Other programmers, though, were slow to learn the lessons of KDE 4.0. At the time, Linux’s popularity was still new, and many programmers were not used to criticisms from end users. Not long before, programmers and users had been close to synonymous. Consequently, many responded to criticism with sarcasm and suggested that the complainers should code the changes they demanded for themselves.
This is the problem in a nutshell: basic lack of professionalism and failure to follow design best practices. Innovation is all well and good, but without communicating with the user community and asking what they want or need, working behind closed doors, then presenting their innovative new DE as if casting pearls before swine isn't going to work. Any professional programmer knows this: you work with steering committees composed of representative end-users during the design process, then you work with alpha/beta testers during the implementation phase, and finally QA testers prior to rollout. If your product doesn't satisfy the needs of users it won't be well-received by them. Change only for the sake of change is not the way to do it, it has to be change that serves a real purpose, and you absolutely have to involve the users in the design process to ensure that your proposed changes do that. The only exceptions would be if building something according to management's specifications and orders (and if they don't involve their users they're poor managers and that's not a good place to work.)
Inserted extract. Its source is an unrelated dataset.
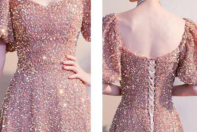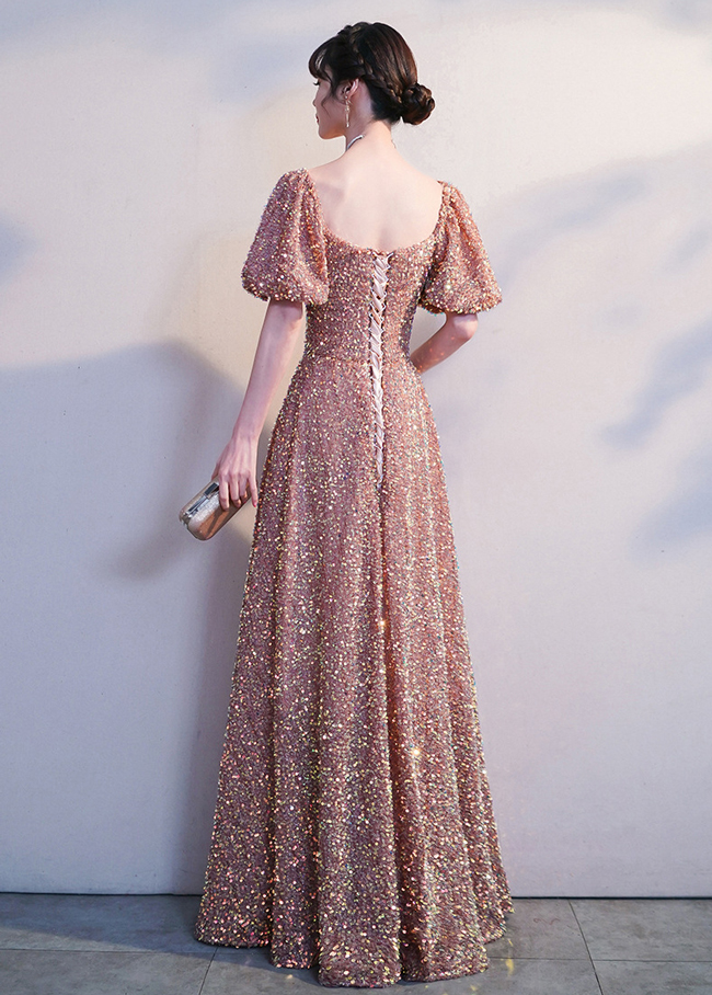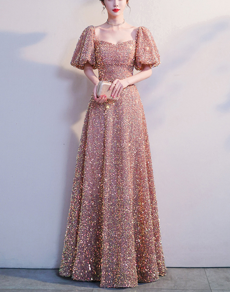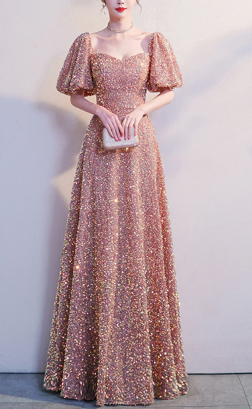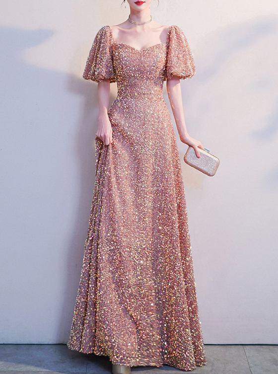 Blush Maxi Sequin Dresses Empired Style Full Sequined Wedding Party Dress Ball Gowns Custom Any Size

The article laments that the desktop UI is pretty much the same as that of Windows 95 or earlier MacOS, but people have been used to using those interfaces since summer of 1995 and in the case of Macs even longer. The thing is, these UIs were very well designed indeed, and that's why they've stood the test of time. Changing everything around just to be "innovative" rather than to make using the computer easier, requiring everyone to relearn how to use their computers which takes time away from getting work done, is no good. That's what happened with Unity and Windows 8, which were designed for touchscreen monitors at a time when almost nobody owned one, with mousability being almost an afterthought. They disrupted peoples' workflow and tried to make them learn a new UI all over again, one that was harder to use with a standard mouse and keyboard. People revolted by, in Ubuntu, either switching DEs or even distros, and in Win8 by installing a third-party app that gave them their Start menu back and made the OS usable. In both cases the UIs were reverted in later versions back to what people wanted, due to popular demand.
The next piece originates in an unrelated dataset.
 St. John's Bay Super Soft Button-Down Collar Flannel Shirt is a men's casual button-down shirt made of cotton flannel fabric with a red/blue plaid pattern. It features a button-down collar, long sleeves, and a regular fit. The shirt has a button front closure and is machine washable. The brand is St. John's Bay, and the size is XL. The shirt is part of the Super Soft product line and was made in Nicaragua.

DE devs should ask themselves some serious questions when thinking about designing a new DE: Is it easier to use than the current DE, with current hardware? Does it still let people do what they need or want to do? Does it help or hinder people to get work done on their computers? Is it helpful or does it just get in the way? Is their an actual "business" need for these changes? Then they should create a proof-of-concept of some sort, even if it's just mocked-up screen captures, and show them to the user community and ask for feedback (a RFC), and listen to what people say. They should do these things before writing a single line of code.